Ok, I saw a review recently about a set of 2Ghz rather DDR3 at 7 timings, against the faster DDR2 (1200) at 5 timings.

the DDR3 was significantly faster, but not enough to offest the outrageous price difference. (£300 for 2Gb of DDR3 - £95 for 4 Gb of DDR2)

Yes, there is a performance difference over DDR2, but it's no where near enough to offset of the cost difference lol.


----------



## hv43082 (May 12, 2008)

I came to the same conclusion as you have.  Too little gain for too much money more.  I would hold out until the next socket from Intel come out before making the transition to DDR3 or at least until they become more affordable.


----------



## Morgoth (May 12, 2008)

ddr3 got trichannel  thats somthing that ddr2 doest have and never wil have


----------



## Darknova (May 12, 2008)

Morgoth said:


> ddr3 got trichannel  thats somthing that ddr2 doest have and never wil have



I thought that was a chipset thing, not a memory thing.


----------



## HTC (May 12, 2008)

trt740 said:


> Everything I read and I have read a bunch seems to indicate DDR3 systems ram has zero if any positive effect on systems performance, due to timing being lower and faster on DDR2. Also the price of DDR2 is much cheaper than DDR3 1600 to 1800, where you would see a slight improvement. I'm asking this because I have gone back and fourth about selling my Rampage and moving to a 790i board with DDR3, or p35/ x48 type of board with DDR3. Is this persepective correct and do you agree with what I have said above. If not correct my error. I cannot seem to wrap my mind around why DDR2 can keep up with DDR3. I think several forum members are wondering about this aswell.
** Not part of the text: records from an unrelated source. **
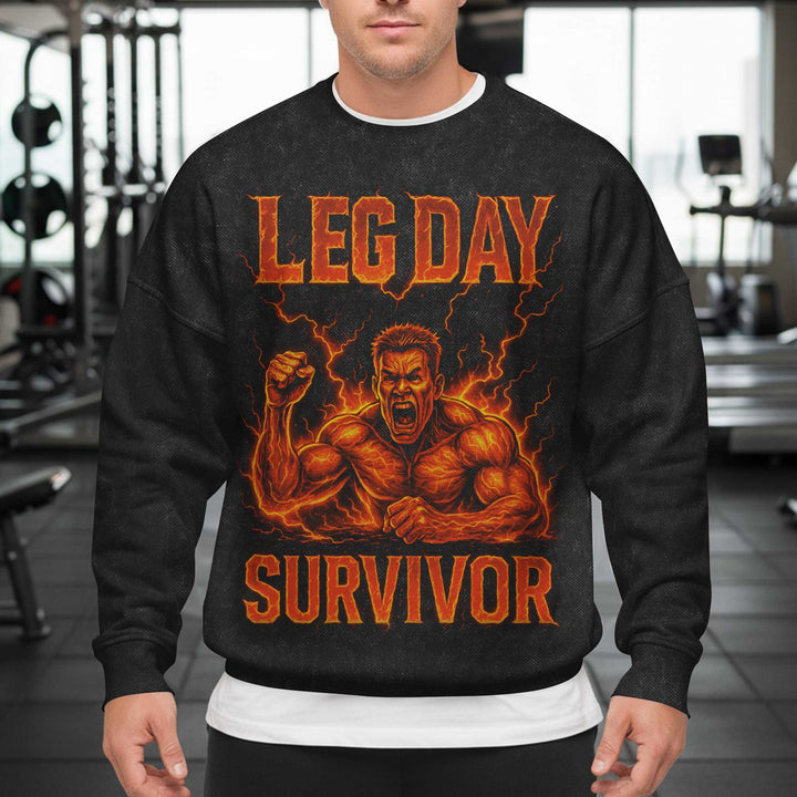 Leg Day Survivor Men's Gym Sweatshirt, Workout Shirt, Oversized Crewneck Sweatshirt
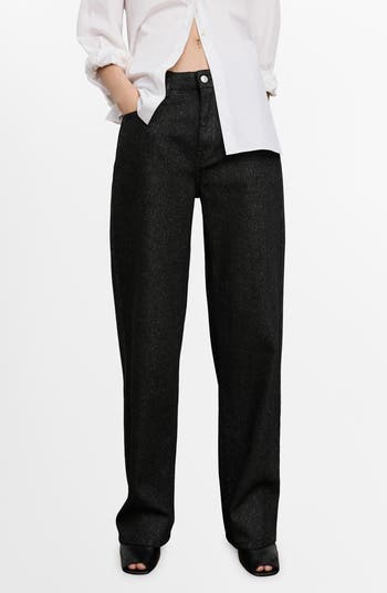 Bring the shimmer to your evening look in these striking straight-leg jeans highlighted by allover metallic fibers that catch the light with every move you make.
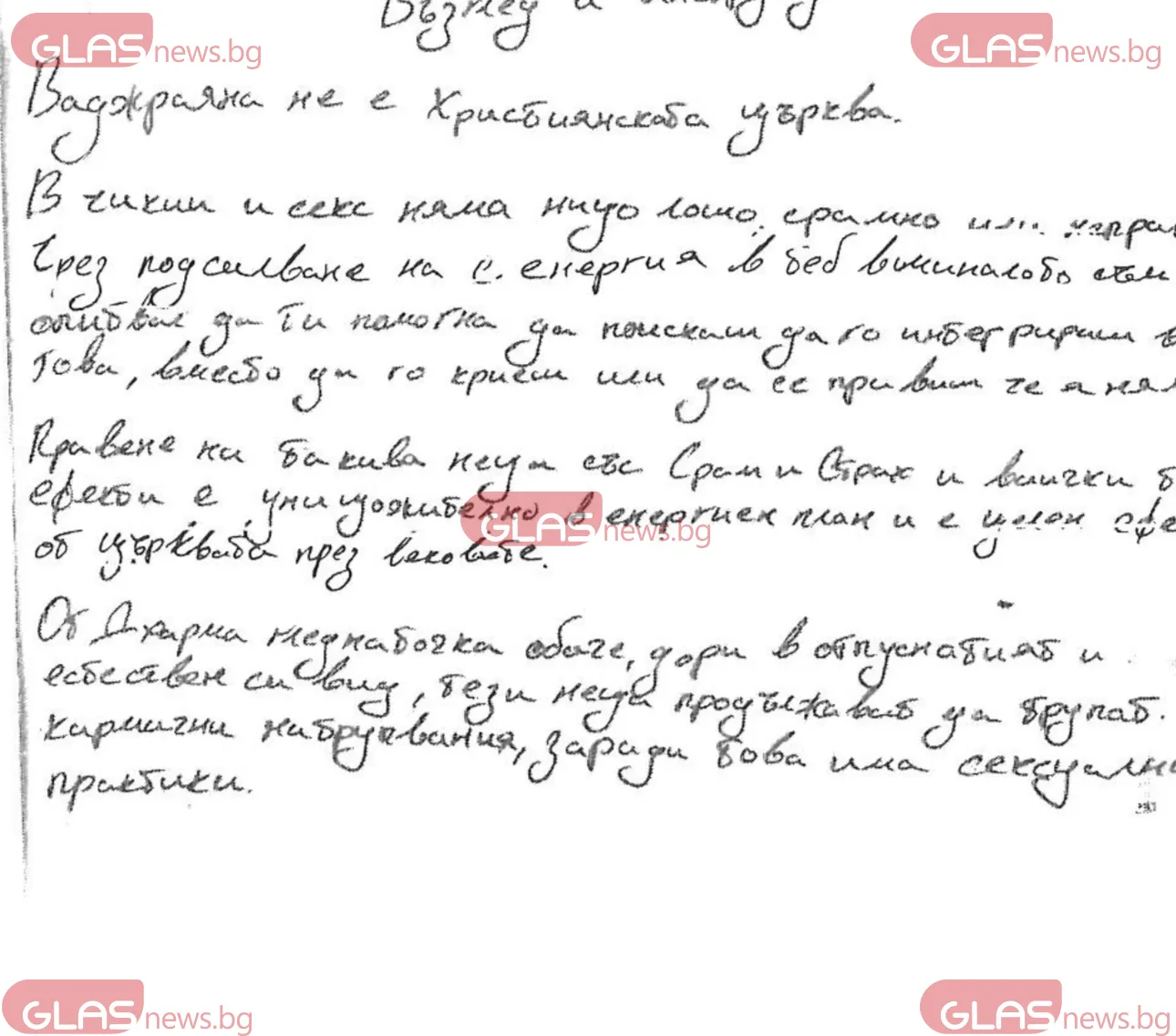 "Правене на такива неща със срам и страх и всички тези ефекти е унищожително в енергиен план и е целен ефект от църквата през вековете. От дхарма гледна точка обаче, дори в отпуснатият и естествен си вид, тези неща продължават да трупат кармични натрупвания, заради това има сексуални практики", продължава текста, написан от Калушев.

The only advantage of DDR3 over DDR2 is the lower voltage except those speedy RAM modules such as 1800, 2000 and such where DDR3 has an advantage, as you said.

If they manage to make these same modules @ lower latencies, then yes otherwise, i don't think it's worth it, IMO.


----------



## Morgoth (May 12, 2008)

Darknova said:


> I thought that was a chipset thing, not a memory thing.



na its a memmory controler future


----------



## beyond_amusia (May 12, 2008)

Morgoth said:


> ddr3 got trichannel  thats somthing that ddr2 doest have and never wil have



That's only for when you get a DOA stick out of a set of 4, =P  lol.

So, um, when will quad channel arrive?


----------



## Darknova (May 12, 2008)

beyond_amusia said:


> That's only for when you get a DOA stick out of a set of 4, =P  lol.
> 
> So, um, when will quad channel arrive?



In Intel's new Server platform I believe


----------



## trt740 (May 12, 2008)

I saw a review with DDr2 at 1100 5 timing against a ddr3 board at 1333 7 timing and there was almost no benfit unlesss you lowered the ddr3 to tighter timing and dropped it's speeds and even then it's not much.


----------



## beyond_amusia (May 12, 2008)

Darknova said:


> In Intel's new Server platform I believe



  omg!!1!!2!!@!!!  lol.  They need to have it so each core as it's own bank of RAM, =)


----------



## Darknova (May 12, 2008)

trt740 said:


> I saw a review with DDr2 at 1100 5 timing against a ddr3 board at 1333 7 timing and there was almost no benfit unlesss you lowered the ddr3 to tighter timing and dropped it's speeds and even then it's not much.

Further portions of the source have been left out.